Kinky joked and sang his way through his polished show, naming everyone and group he could think of in a funny mildly insulting delivery. He was better than Don Rickles. When Kinky got to the part of his show where he mentioned the “Village People Retirement Home”, a blond young man in a beige suit stood up directly in front of Kinky. He handed Kinky an official looking document right in front of the packed rowdy house full of Texas redneck wannabe’s. The show suddenly ground to a halt.

“This is some kind of joke, right?” Kinky said looking at the official document with a perplexed expression forming around the cigar in his mouth. The lawyer assured him it was not a joke. The Village People did not like being made fun of by Kinky Friedman; even if it was just a passing remark. It was not really an insult; a charmingly funny image of retired Village People dressed in their stage garb sitting around in rocking chairs. The Jewish Defense League was in attendance at the Palomino and they heckled the guy.

“Kick his ass, Kinky!” they yelled.

The blond in the blond suit looked determined, and not the least bit intimidated, even though David Allan Coe was capable of extreme behavior at the drop of a ten gallon hat. Kinky weighed his options, considered lampooning this barrister, but thought better of it. He was capable of blistering off the cuff remarks but he also knew what a law suit was. We finished the show on a slightly off key note. I don’t know what happened. I figure Kinky finessed things and came out on top. He is good at that. He managed to run for Governor of Texas while writing a few really good books about Willie, Jesus and Coca cola. Hell, he had even played music with Danny Finley so he’s got to be alright.

Drumming for country is pretty easy if you don’t do it right. It’s just boom chak, boom chak, boom chak, boom chak. But there is great subtlety in the original country beats; they combine swing ala Bob Wills and the Texas Playboys with cooking Rock a Billy train tempos. There are little upbeats that the drummer can put in if they are fast enough. Most of the time, they go unnoticed. But once I was playing with Billie and his father Dorsey Burnett, of the original Rock n Roll Trio, Dorsey was impressed that I knew the little secret up beat Rock a Billy notes. He complimented me on hitting those subtle extra back beats in the right place. Kinky probably noticed too but getting a compliment from him was like a cab driver in New York expecting a good tip. If a drummer is doing it right, they are usually ignored by the other players. But if the drummer makes a mistake, everyone glares at them.  But I might have overstepped my boundaries when I added some rimshots to his quips ala borscht belt comedy.
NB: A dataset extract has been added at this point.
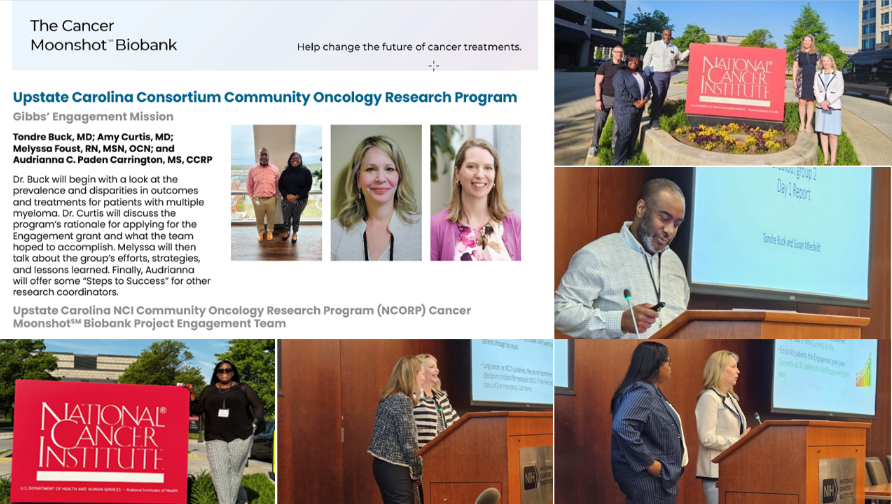 May is Cancer Research Month, and this year, the Upstate Carolina NCORP Moonshot team had a significant presence at the National Cancer Institute’s campus in Rockville, Maryland, participating in the Participant and Provider Engagement Workshop! The workshop aimed to assess the Cancer Moonshot SM Biobank study progress and provide opportunities for engagement with local engagement sites to discuss successful engagement approaches and best practices for engagement in biobanking. Our local engagement project, now in its third year, remains a cornerstone of our efforts. Its primary goal is to support continued efforts to enroll and engage Black/African American patients diagnosed with cancer in the Moonshot Biobank protocol, a mission that we all share and are deeply committed to.
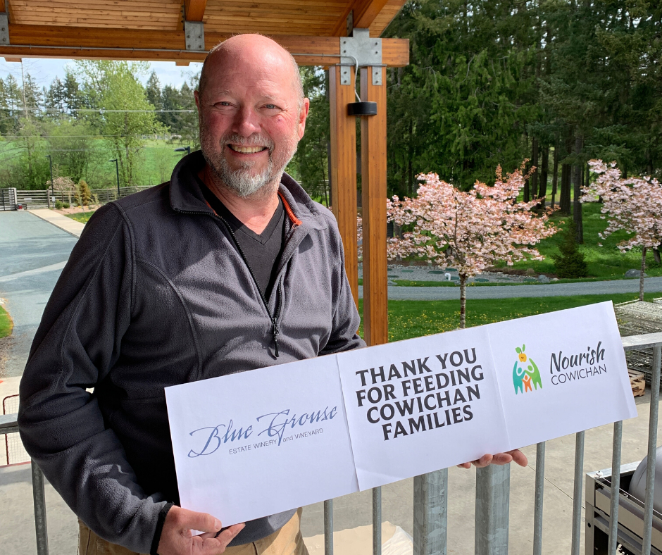 Results are in: Blue Grouse Estate Winery on Vancouver Island announces a donation of $10,000 to Nourish Cowichan Society, a charitable organization helping feed families in need.

I couldn’t help it. Kinky was a comedian and it was a drummer’s typical reflex action after a cornball remark. I felt like a reincarnated vaudeville drummer. I might have even miscalculated the impact my resume had on him when I told him that Danny Finley had been in the Bethlehem Asylum with me.  They played and cowrote together for some time. But after I mentioned that, Kinky sort of mistrusted me in some existential way. He even named a state trooper character ‘Buddy’ in  one of his books that wasn’t too flattering. I feel so special. I remember the day that Danny called me and told me that he was joining Kinky Friedman and the Texas Jewboys, and what did I think of him changing his name to ‘Panama Red.’
“Just don’t take yourself too seriously.” I advised. I couldn’t think of anything more constructive to tell him. It was sort of a payback since he had described me in the early Bethlehem Asylum promotional material as, “Heaviest when light.” I don’t think I could ever forgive Danny for that description of me which maybe scarred me for life.